Europe, Middle East, Africa: Aside from the BoE decision, investors watching the UK may take notice of changes to the list statisticians use to gauge living costs on Monday, with pandemic-related changes to Britons’ lifestyle expected to be reflected in the updated basket of goods and services.
ECB President Lagarde will speak to EU lawmakers in Brussels on Thursday, a week after her institution pledged to ramp up buying government debt in coming months in a bid to a contain rising bond yields that threaten to derail the euro area’s economic recovery.
The week also sees a flurry of rate decisions elsewhere across the region, with central banks in the Norway and Egypt expected to stay on hold.
The Bank of Russia is also forecast to keep its monetary settings unchanged, but officials are pivoting from a string of cuts aimed at stimulating the economy through the pandemic last year to a tightening stance as inflation surges. That concern is likely to prompt Turkish monetary officials to hike rates to try to rein in inflation.
In Africa, Mozambique’s central bank may keep rates unchanged after the country’s currency, the metical, stabilised following a surprise 300 basis-point hike in January.
Asia: Economic activity data due on Monday for the first two months of the year will show roaring growth in China, with figures largely distorted by comparisons from a year ago when the economy was in lockdown. Complicating the picture further are the travel restrictions imposed ahead of the Lunar New Year break in February, which curbed consumption but allowed factories to resume production earlier than usual.
The BoJ is expected to unveil an array of tweaks to its policy framework while keeping its main settings on hold following a review of its measures on Friday.
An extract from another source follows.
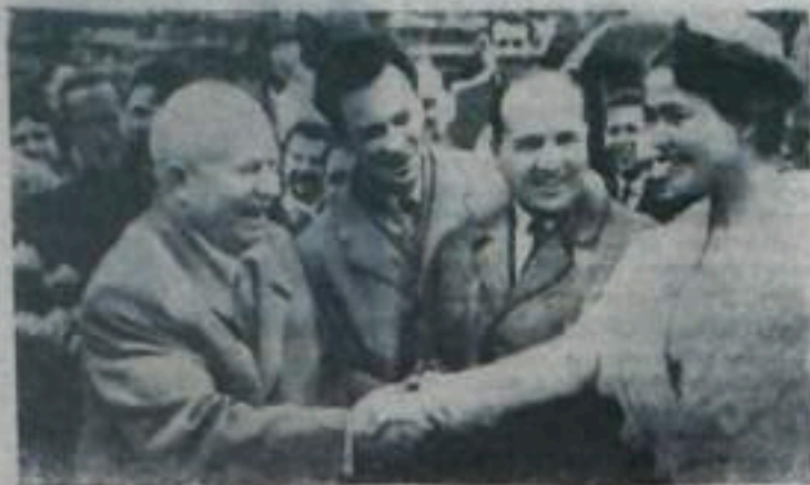
На снимке жители города Арад приветствуют главу Советского правительства.

Фото специального фотокорреспондента ТАСС В. Соблава. (Снимок принят по фототелеграфу)

There will be plenty for markets to digest as the central bank looks to freshen up its control of rates and asset purchases while shoring up stimulus for the longer term.
Inflation data out the same day is likely to show prices are still falling almost eight years after the BoJ launched its massive stimulus program.
Indonesia and Taiwan have interest rate decisions on Thursday.
Latin America: Brazil’s economic activity indicator for January out Monday may show that the country’s modest recovery is stalling, while Peru’s gross domestic product proxy for the same month may post a second straight year-on-year rise even with joblessness stuck around 13%. Colombian data on industrial output, retail sales and economic activity for January will likely reflect renewed lockdown measures amid weak domestic demand.
Brazil’s central bank on Wednesday is all but certain to tighten policy for the first time since 2015 and raise its key rate by a half-point to 2.5%. Given the recent surge in inflation, Wednesday’s increase probably won’t be the last.
On Thursday, Chile posts fourth-quarter and full year output data. 
Hefty monetary and fiscal stimulus, surging demand for copper, which accounts for about half of the country’s exports, and one of the world’s best vaccine rollouts have pushed some 2021 GDP estimates over 6%.